We have found the Taylor series of $$\ln x$$ centered at $$x=1\text{,}$$ and have determined the series converges on $$(0,2]\text{.}$$ We cannot (yet) say that $$\ln x$$ is equal to this Taylor series on $$(0,2]\text{.}$$
It is important to note that Definition 9.8.2 defines a Taylor series given a function $$f(x)$$ , but makes no claim about their equality. We will find that “most of the time” they are equal, but we need to consider the conditions that allow us to conclude this.
Theorem 9.7.16 states that the error between a function $$f(x)$$ and its $$n$$th-degree Taylor polynomial $$p_n(x)$$ is $$R_n(x)\text{,}$$ where
\begin{equation*} \abs{R_n(x)} \leq \frac{\max\abs{\,f^{(n+1)}(z)}}{(n+1)!}\abs{(x-c)^{(n+1)}}\text{.} \end{equation*}
If $$R_n(x)$$ goes to 0 for each $$x$$ in an interval $$I$$ as $$n$$ approaches infinity, we conclude that the function is equal to its Taylor series expansion.
We demonstrate the use of this theorem in an example.

### Example9.8.9.Establishing equality of a function and its Taylor series.

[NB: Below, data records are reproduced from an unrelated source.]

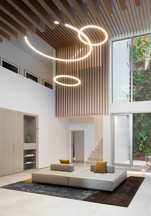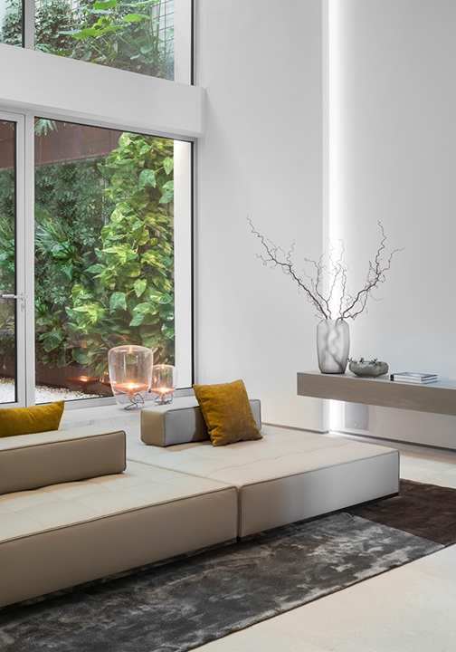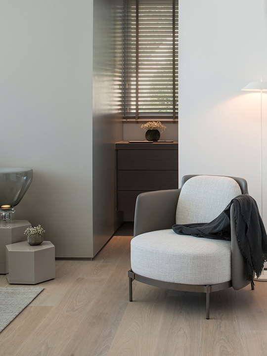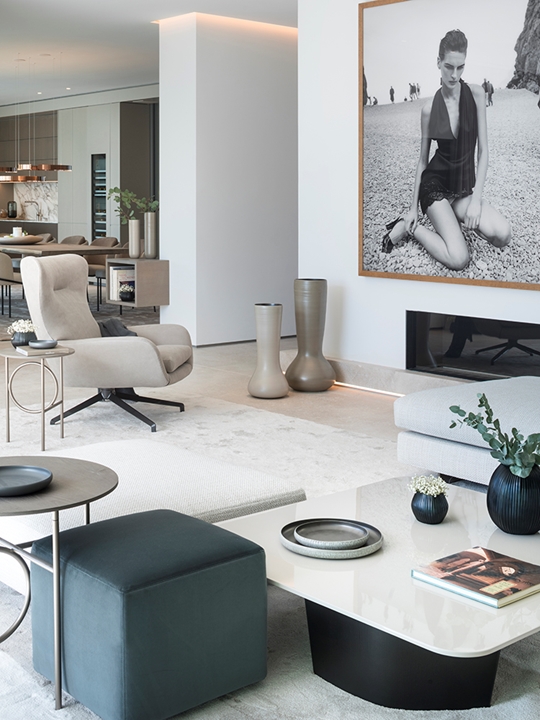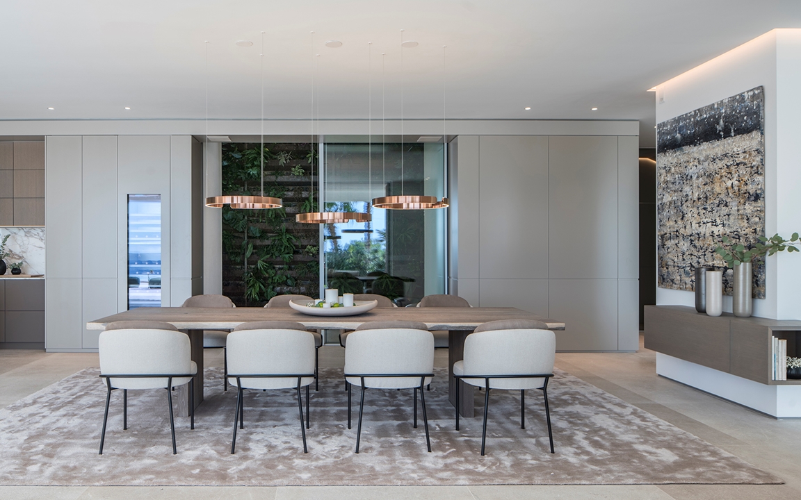 在住宅入口处,建筑的特点在于非比寻常的高度,因而在空间中十分引人注目。浅色的橡木天花板温暖拥抱整个空间,两个精致的Lawrence Clan椅凳摆放在空间中央。客人步入室内,即有机会探索迷人的客厅,这里精选Minotti最新系列的多款作品来呈现家具设计方案。客厅内摆放着Rodolfo Dordoni设计的Alexander沙发座椅系列,优雅的浅色覆面与青墨色和蓝绿色的装饰靠垫形成别致的对比效果,沙发旁边是Jensen扶手椅和Ring边几。餐厅则选用优雅的木制餐桌,四周摆放着Christophe Delcourt设计的Fil Noir餐椅。两个空间都透过全景落地窗与户外进行和谐对话,强调室内与户外空间的沟通。
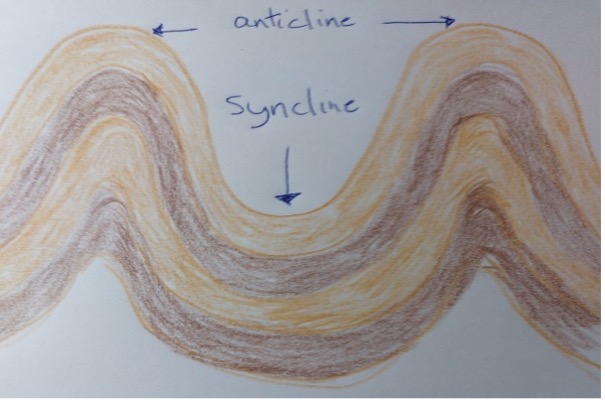 The heading itself holds two key geological terms. To geologists, a fold is a wave or zig-zag shape in rock beds. In our anticlinal fold we note that the beds in the fold sides lie at a steep angle. Anticline is the name geologists give to an upwards fold.
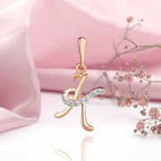 Charmigt, graciöst hänge i form av bokstaven "K" i 585 rött och vitt guld med insatser gjorda av gnistrande zirkoner.
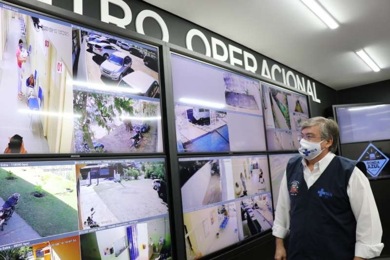 O Programa Ronda Azul mantém cerca de 1.000 câmeras de segurança e alarmes em 154 prédios públicos municipais, como escolas, unidades de saúde, serviços da Secretaria de Assistência e Desenvolvimento Social (Sads), Ganha Tempo, secretarias municipais externas e entre outros locais, como o Terminal Rodoviário Urbano.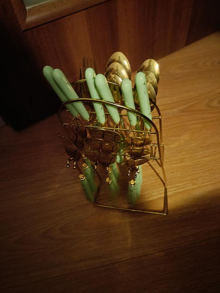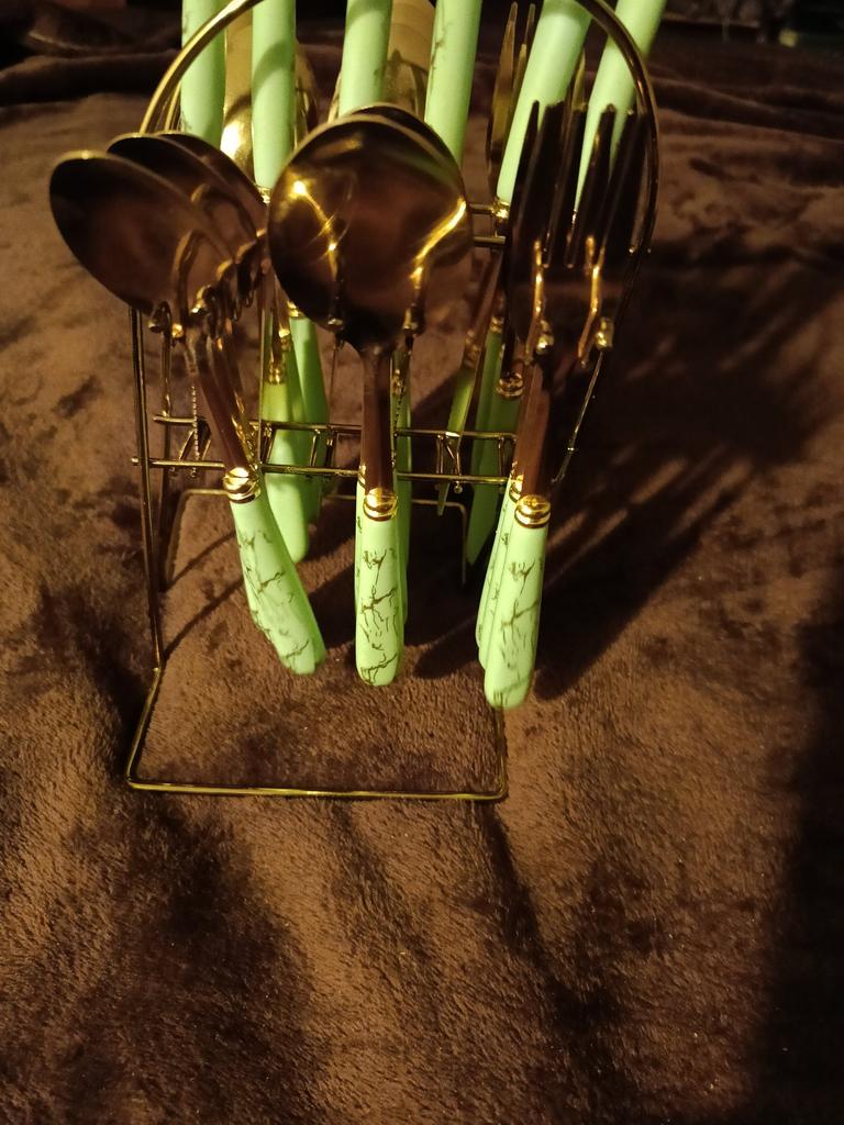24-teiliges Geschirrset aus Edelstahl, Keramikgriff, Muster, Kunststoffgriff, Westernmesser, Löffel und Gabel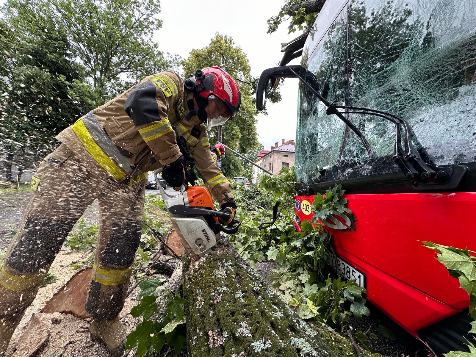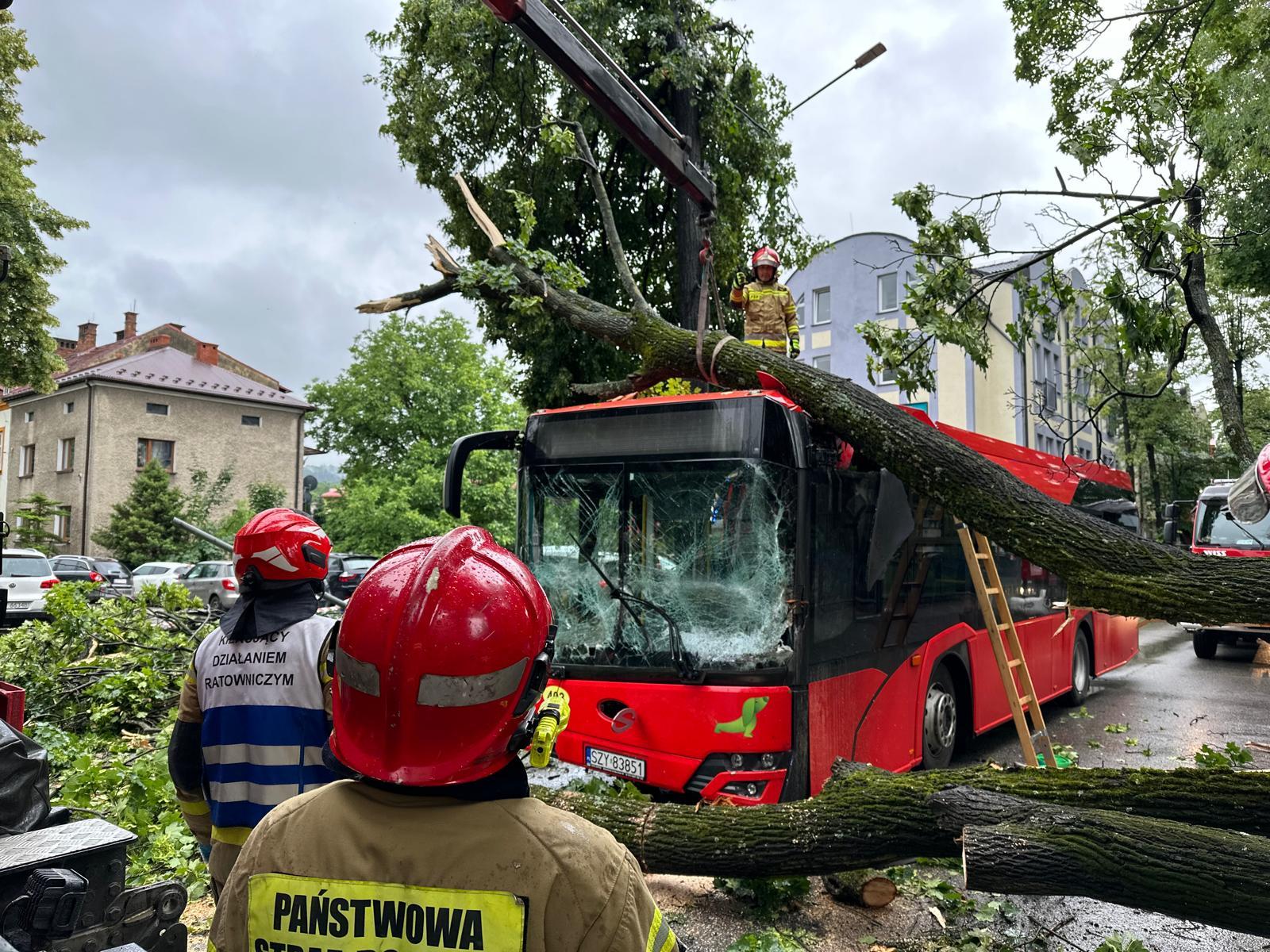W Żywcu na jadący autobus przewróciło się drzewo. W działaniach brało udział kilkunastu strażaków oraz pięć samochodów straży pożarnej.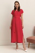 Платье с короткими рукавами из плотного набивного трикотажа интерлок . Модель с трапициевидной юбкой и боковыми карманами.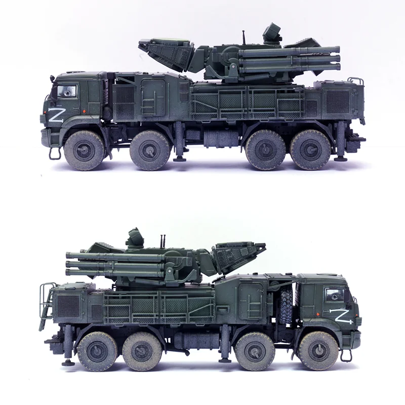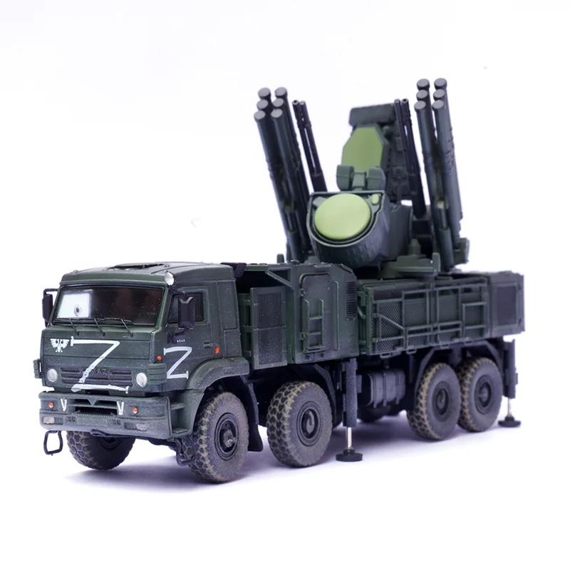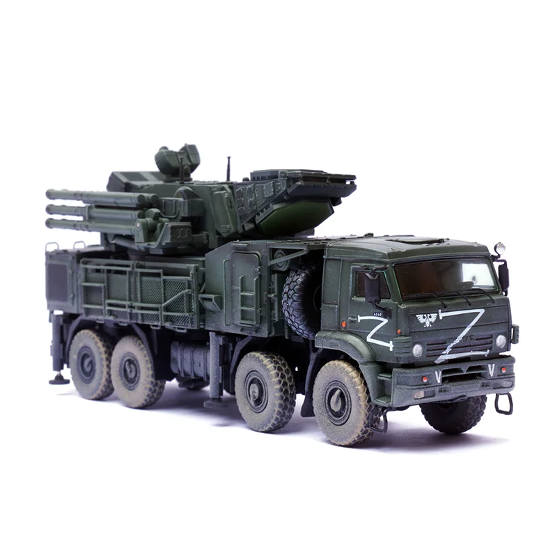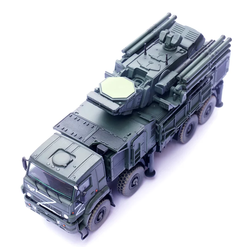Enhance your collection with this meticulously crafted 1/72 scale Russian Armor S1 Air Defense Weapon System model. Made from durable PVC plastic, it showcases superb craftsmanship with detailed panel lines, textured surfaces, and realistic markings. The vehicle is painted in a military green hue, featuring white military symbols and insignias, including a stylized eagle emblem and prominent “Z” markings. The rugged chassis and wheels with textured tires and metallic accents add to its authenticity. The missile launcher, mounted on a rotating turret, displays intricate structural details and parallel tubes, conveying a sense of tactical military realism. This finished model offers a perfect display piece for enthusiasts who appreciate detailed military replicas, ideal for display shelves or dioramas.
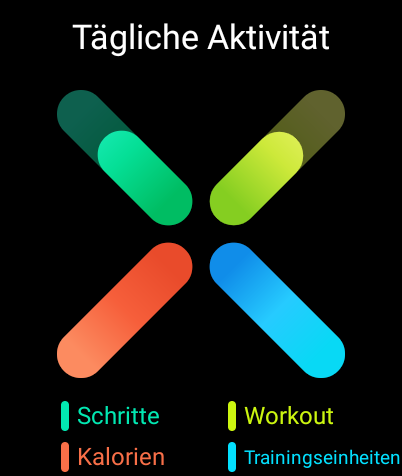Mehrere Ziffernblätter übernehmen die Information in ihre Anzeige, allen voran das nach der Installation eingestellte Standardzifferblatt, das die vier Tagesziele in einem gleichschenkligen X visualisiert.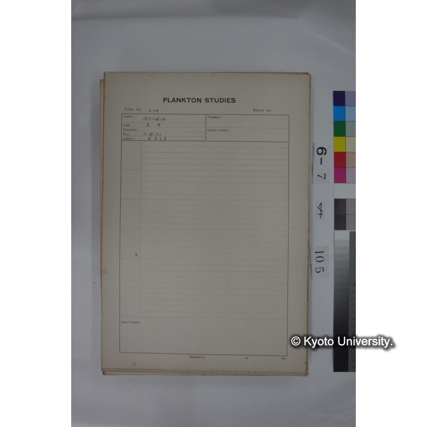プランクトン標本調査カード (国内各地,採取データのみ) (105)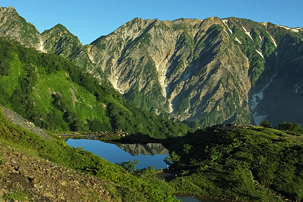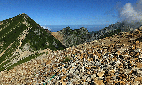 | ここから前方の展望がよくなる 右手の屋根のような山が「不帰の嶮Ⅱ峰」 その左にあるゴツゴツゴツが、「不帰の嶮Ⅲ峰」 そこから唐松岳へと続くのだが 手前の山に隠れて、コレ!とはっきりしない |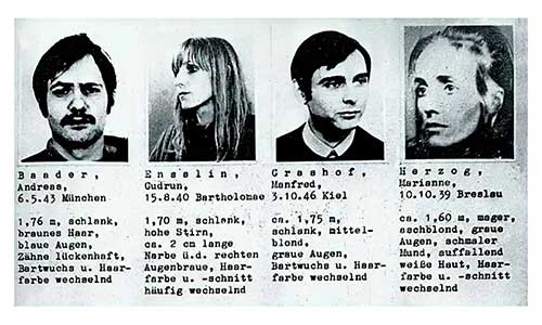 Así un pastor barthiano como Helmut Ensslin, miembro de la Iglesia Confesante, es recriminado por su hija Gudrun por haber estado en el ejército nazi. Ella se casa con el hijo de un escritor nazi que había intentado mantener el cristianismo en oposición al neo-paganismo de Goebbels, Bernward Vesper. Juntos se dedican a la literatura y publican una edición bilingüe de la poesía de Gerardo Diego, a la vez que textos de política radical de izquierdas. Ella acaba fundando con su amante Andreas Baader, la Facción del Ejército Rojo (RAF) -más conocida como Baader-Meinhof-. Detenida por su actividad terrorista, que lleva a la muerte a cuatro personas, es condenada a cadena perpetua. En la cárcel de Stammheim se enfrenta a Meinhof y se suicida después de ella, junto a otros miembros de la banda.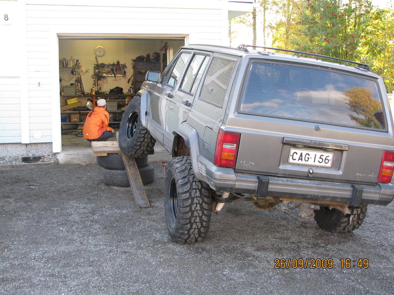 "KAKI" uuteen nousuunrunnerin lähdettyä taipaleelle pihaan ilmestyi kuvan kaunis 91 vuoden cherokee hetken mielijohteesta.edullinen hinta houkutteli ja kun visioita rupesi lentämään enemmän kuin finnairin koneita niin katsotaan mitä tästä nyt sit tulee vai tuleeko mitään.karmea nimi kaki jountaa juurensa työkaverin väläytykseen kilpeen perustuen,kiitos silverille! kinnerin pitäisi ruokkia myös käyttöauton virkaa niin ei aivan mahottomiin voi mennä,toistaiseksi. heti tlattiin RoughCountryn 3" korottava setti ja kunhon kl-71 renkaat kokoa 33/12.5-15.vanteita ei vielä ole kun koko tai pikemminki ET mietinnässä.vinssi jo kovasti menossa keulaan,palkkipuskurin kera,vaiheessa. alustakin tuli ja meni myös paikalleen kahden miehen hillittömän ähkimisen jälkeen.pultit oli mielettömän tiukassa takajousilla,ei meinannut lämpö,lyönnit ja crc auttaa ollenkaan.10 tunnin tappelun jälkeen saatiin auto takasi pyörilleen. itselle nää jeepit on vielä vierasta aluetta joten kaikki vinkit yms on tervetullutta. jatkuu....

Show that $$f(x) = \cos(x)$$ is equal to its Maclaurin series, as found in Example 9.8.3, for all $$x\text{.}$$
Solution.
Given a value $$x\text{,}$$ the magnitude of the error term $$R_n(x)$$ is bounded by
\begin{equation*} \abs{R_n(x)} \leq \frac{\max\abs{\,f^{(n+1)}(z)}}{(n+1)!}\abs{x^{n+1}}\text{.} \end{equation*}
Since all derivatives of $$\cos(x)$$ are $$\pm \sin(x)$$ or $$\pm\cos(x)\text{,}$$ whose magnitudes are bounded by $$1\text{,}$$ we can state
\begin{equation*} \abs{R_n(x)} \leq \frac{1}{(n+1)!}\abs{x^{n+1}} \end{equation*}
which implies
$$-\frac{\abs{x^{n+1}}}{(n+1)!} \leq R_n(x) \leq\frac{\abs{x^{n+1}}}{(n+1)!}\text{.}\tag{9.8.1}$$
For any $$x\text{,}$$ $$\lim\limits_{n\to\infty} \frac{x^{n+1}}{(n+1)!} = 0\text{.}$$ Applying the Squeeze Theorem to Equation (9.8.1), we conclude that $$\lim\limits_{n\to\infty} R_n(x) = 0$$ for all $$x\text{,}$$ and hence
\begin{equation*} \cos(x) = \infser[0] (-1)^{n}\frac{x^{2n}}{(2n)!} \text{ for all $$x$$ }\text{.} \end{equation*}
It is natural to assume that a function is equal to its Taylor series on the series' interval of convergence, but this is not always the case. In order to properly establish equality, one must use Theorem 9.8.7. This is a bit disappointing, as we developed beautiful techniques for determining the interval of convergence of a power series, and proving that $$R_n(x)\to 0$$ can be difficult. For instance, it is not a simple task to show that $$\ln x$$ equals its Taylor series on $$(0,2]$$ as found in Example 9.8.5; in the Exercises, the reader is only asked to show equality on $$(1,2)\text{,}$$ which is simpler.
There is good news. A function $$f(x)$$ that is equal to its Taylor series, centered at any point the domain of $$f(x)\text{,}$$ is said to be an analytic function, and most, if not all, functions that we encounter within this course are analytic functions. Generally speaking, any function that one creates with elementary functions (polynomials, exponentials, trigonometric functions, etc.) that is not piecewise defined is probably analytic. For most functions, we assume the function is equal to its Taylor series on the series' interval of convergence and only use Theorem 9.8.7 when we suspect something may not work as expected.
We develop the Taylor series for one more important function, then give a table of the Taylor series for a number of common functions.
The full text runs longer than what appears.